A Pause for the Cause
My moratorium on white theologians...that just so happened to fall on the week of Juneteenth
"I cannot listen to another white person tell me who God is and how I’m supposed to engage her. Not today! Not for a while. I’m instituting a moratorium!"
I make this decision sitting on a stool in my church’s library in front of the section on mysticism. The subject had come up during a weekly young adult gathering where we talk theology. I had mentioned there that I consider myself a mystic, and after talking around the subject for a bit someone innocently asked, “What is mysticism?”
I thought for a moment before responding, “I don’t know.” Somewhat embarrassed I explained, “I mean, I know what I mean when I say it, but I don’t know the proper definition.” The response disturbs me now as I sit in front of these books searching for the answer. But why? It’s not that after spending three years (and a significant amount of money) “mastering the divine” that I don’t remember a canned definition of Christian mysticism. It may have embarrassed me initially, but it didn’t bother me now. I read a lot in seminary. Some of it stuck, and the rest of it can be found in the library I accumulated during my matriculation. I’m not trippin’ that I didn’t remember a definition. What disturbs me is that my failure to remember how someone else defined a thing caused me to conclude that I didn’t know what it was.
“Of course I know”, I thought to myself as I sat on that stool. How could I be a mystic without having a concept of what it is? I know what mysticism is because my grandmother was a Christian mystic whose teaching continues to form me today.

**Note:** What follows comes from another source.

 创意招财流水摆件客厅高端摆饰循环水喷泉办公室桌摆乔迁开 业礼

Mysticism is the idea that one can communicate with the God who is mystery and receive clarity for ordering one’s life. It’s the belief that the ethereal, the immaterial can be seen and heard and felt as we navigate the mystery of our own existence. It’s walking by faith and receiving divine “confirmation”. It’s testimony service and Holy Ghost possession. It’s petitioning someone who “can get a prayer through”. It’s inviting the Lord to “come on in the room”. It’s Black Jesus prints and Barack Obama bible covers. It’s taking a text that was intended to internalize our oppression and finding a way to read it through the lens of liberation. I know what mysticism is!

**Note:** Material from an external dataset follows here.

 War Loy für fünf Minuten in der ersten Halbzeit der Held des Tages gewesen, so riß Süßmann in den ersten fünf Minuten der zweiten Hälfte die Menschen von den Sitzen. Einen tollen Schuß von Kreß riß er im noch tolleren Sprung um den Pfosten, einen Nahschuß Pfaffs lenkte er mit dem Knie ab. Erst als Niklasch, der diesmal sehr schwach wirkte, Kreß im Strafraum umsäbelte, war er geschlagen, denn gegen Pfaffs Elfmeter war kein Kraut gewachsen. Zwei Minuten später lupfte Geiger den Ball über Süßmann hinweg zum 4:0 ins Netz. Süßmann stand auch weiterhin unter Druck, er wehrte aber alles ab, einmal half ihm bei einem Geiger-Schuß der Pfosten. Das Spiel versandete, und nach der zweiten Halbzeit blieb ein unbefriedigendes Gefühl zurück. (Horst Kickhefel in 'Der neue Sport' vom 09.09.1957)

What I didn’t know in that moment was how a bunch of white men, unquestionably accepted as theologians, decided to define mysticism when they discovered it (like Christopher Columbus discovered America), thereby giving it legitimacy and paving the way for others like them to become so called authorities on the subject. Which has me sitting in this library looking like Boo Boo the Fool trying to figure out which one of these white dudes I’m going to trust to give me the answer to a question that I already know the answer to. Not tuh-day Satan!
It reminded me of a scene from Zora Neal Hurston’s, Barracoon. Kossola, one of the last slaves brought to the US, recalls how he and other recent arrivals spent their Sundays on the Alabama plantation: “...we so glad we ain’ gottee no work to do. So we dance lak in de Afficky soil.”
I can’t think of a better way to spend the sabbath--that weekly observance of rest on which work is forbidden--than to dance. To move your limbs in a way that is not legislated by your oppressor. To curate your own playlist and indulge the choreography of your soul. But the other slaves, separated by centuries from their indigenous religious practices, saw this celebration as savagery. Indoctrinated into the religion of the slave owner and submitted to the God fashioned in his image, for them, there was no sabbath. For even on Sunday their bodies did their master’s bidding, disdaining the recreation their souls so desperately needed.
But today, I choose to dance with Kossola and ‘nem. Today I choose to trust the wisdom that lies within, passed down through generations of people who may not have been German theologians, but knew God intimately. In a small, but significant act of resistance I sit on that stool in front of all those white dudes and download works by Howard Thurman and Kelly Brown Douglas. I plan to add them to the volumes uploaded in my spirit by my grandmother. Then, I saunter out of the library and down the hall in a kind of subdued dance, content to leave those other volumes on the shelf for someone who doesn’t know what I know.